So summer seems to have arrived in the UK and it's a slow news day. In the meantime, Rafe's off to the USA for Orange Partner Camp, Ewan's been busy playing with his Nokia E61 and promoting unsigned music bands on national radio, and I've been trying to extend my big comparison table of Series 60 hardware - except that I've still got more question marks than I'd like - can you help fill in any of the blanks?
Here are two session summaries from Orange Code Camp Opio (October 2005). Engineering with a Business Plan (part of a starting up guide) looked at the business side of mobile software development. While Developing for the Sony Ericsson P990 examined the developer options for Sony Ericsson's UIQ super phone.

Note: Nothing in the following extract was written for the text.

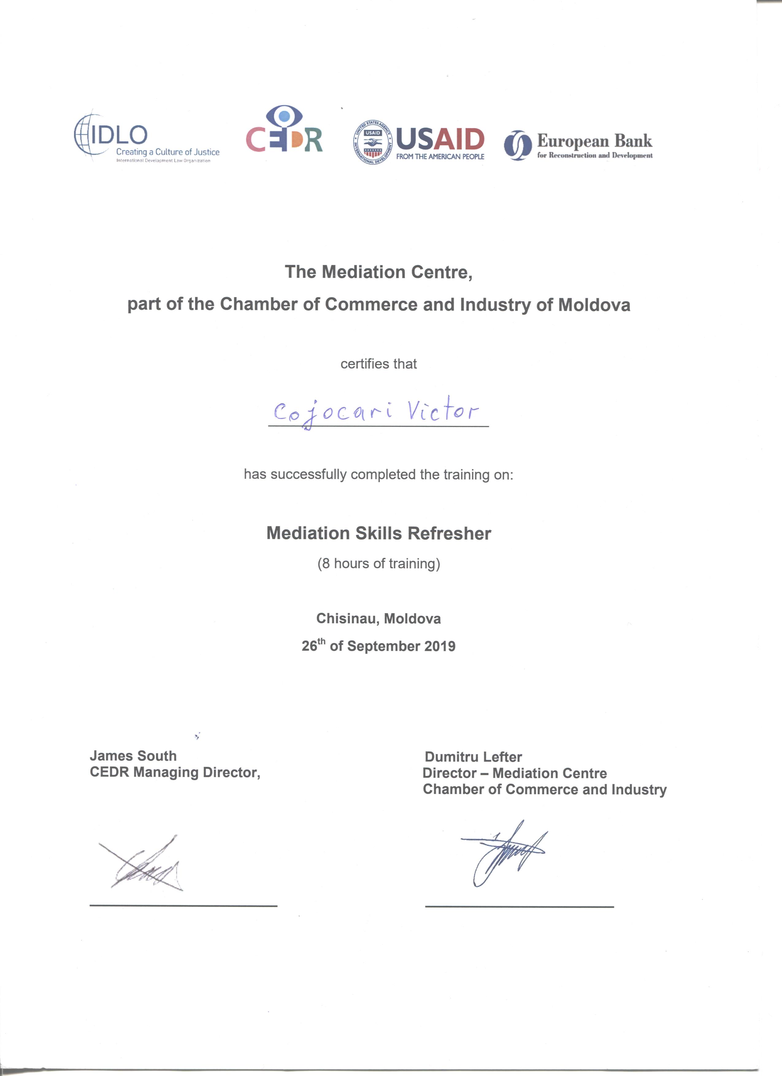 | 11 | Trainingului ”Perfectionarea abilitatilor de mediere”, organizat de CEDR si Centrul de Mediere al Camerii de Comerț și Industrie a Republicii Moldova, 26 septembrie 2019 | ![]() |
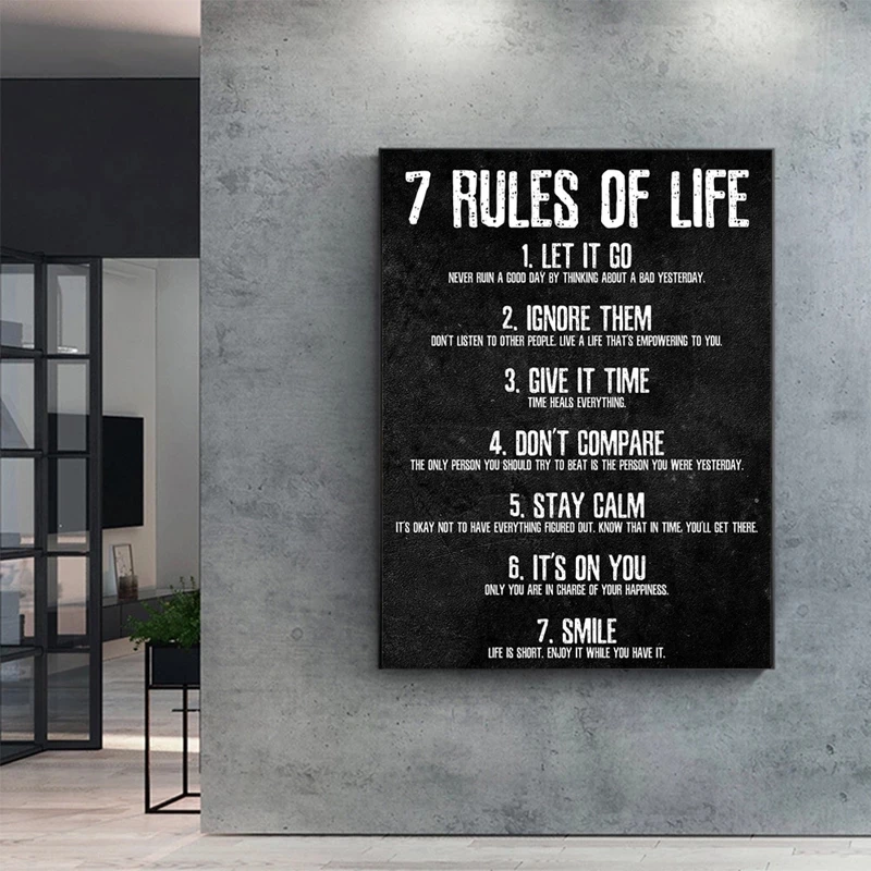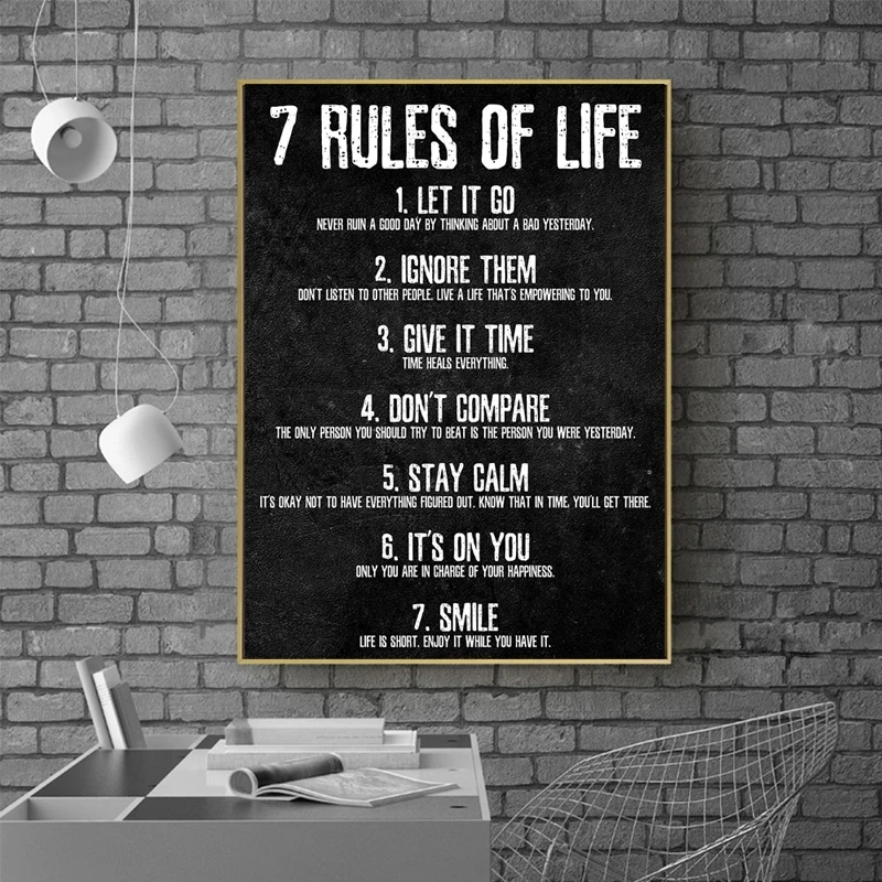 Черно-белые мотивационные плакаты и принты с 7 мотивационными правилами жизни, современные мысли, Картина на холсте, настенное искусство, картина для гостиной

Orange's next biannual developer event, which I'll be attending, starts on Monday and we will be bringing you more developer coverage in the near future.
Here's an interesting addition to the S60 freeware canon. MobiFlirt is a S60 client for the worldwide craze, in which your smartphone checks out the local 'talent' for you. Never mind being nervous, your smartphone now does the chatting up for you! The mind boggles...
Opera has announced Opera Mobile 8.60, their native browser for S60 smartphones, which is now compatible with S60 3rd Edition devices such as the Nokia 3250, N91, etc. Highlights of 8.60 include auto-completion for URL entry, password manager for easy logins, improved smooth scrolling, a new skin and the ability to read and bookmark newsfeeds. Full press release after the break...
Nokia's Research Centre has posted up the binary files that will allow you to run an Apache server on your S60 smartphone. As well as the server files, there is a mod to allow Python integration, so you can use the scripting language to power the web page generation.
There's a new release of Opera Mini now available. Version 2 of the most popular mobile browser in the world adds favourite-speed-dial, better navigation and extra search engine selection. The full press release follows.
This S60 Blog page has some sample video footage taken on the Nokia N93 (warning: Quicktime, broadband and patience required!). Great clarity, though I'm not convinced about the claimed 30 frames per second yet - maybe they've not optimised the code yet?
Symbian Themes has announced it has now converted all of its existing themes to be compatiable with S60 3rd Edition. That means there are now more than 5000 themes available for the Nokia 3250 and other 3rd Edition phones (one for every day of the next 13 years). Symbian Themes has almost 10,000 customisation elements for your S60 phone ranging from themes, to wallpapers, operator logo and fonts.
Following last week's 48 hour poll to take a snapshot of the Symbian-powered smartphones you're currently using and your plans for the future, Steve Litchfield picks through the stats and draws out a few surprises.
In this feature article, Nokia N91 - Real World Usage, Rafe takes a closer look at Nokia's new music smartphone. In an addendum to our review he discusses the device from various usage stand points and concludes the N91 is the best converged smartphone music device currently available, but may not be for everyone.
Hey, listen up! There's a whole new release (1.69) of OggPlay on the loose for all S60, Series 80 and Series 90 users. So that's basically the whole Symbian world apart from UIQ users (who are still on 1.1). S60 3rd Edition users read on...
A bunch of AAS readers (including me) are trying to gather some data on write speeds to 512MB and 1GB cards of different makes, in an attempt to sort out why Kingston 1GB cards cause jerky video recording and lost application assignments. Can you help?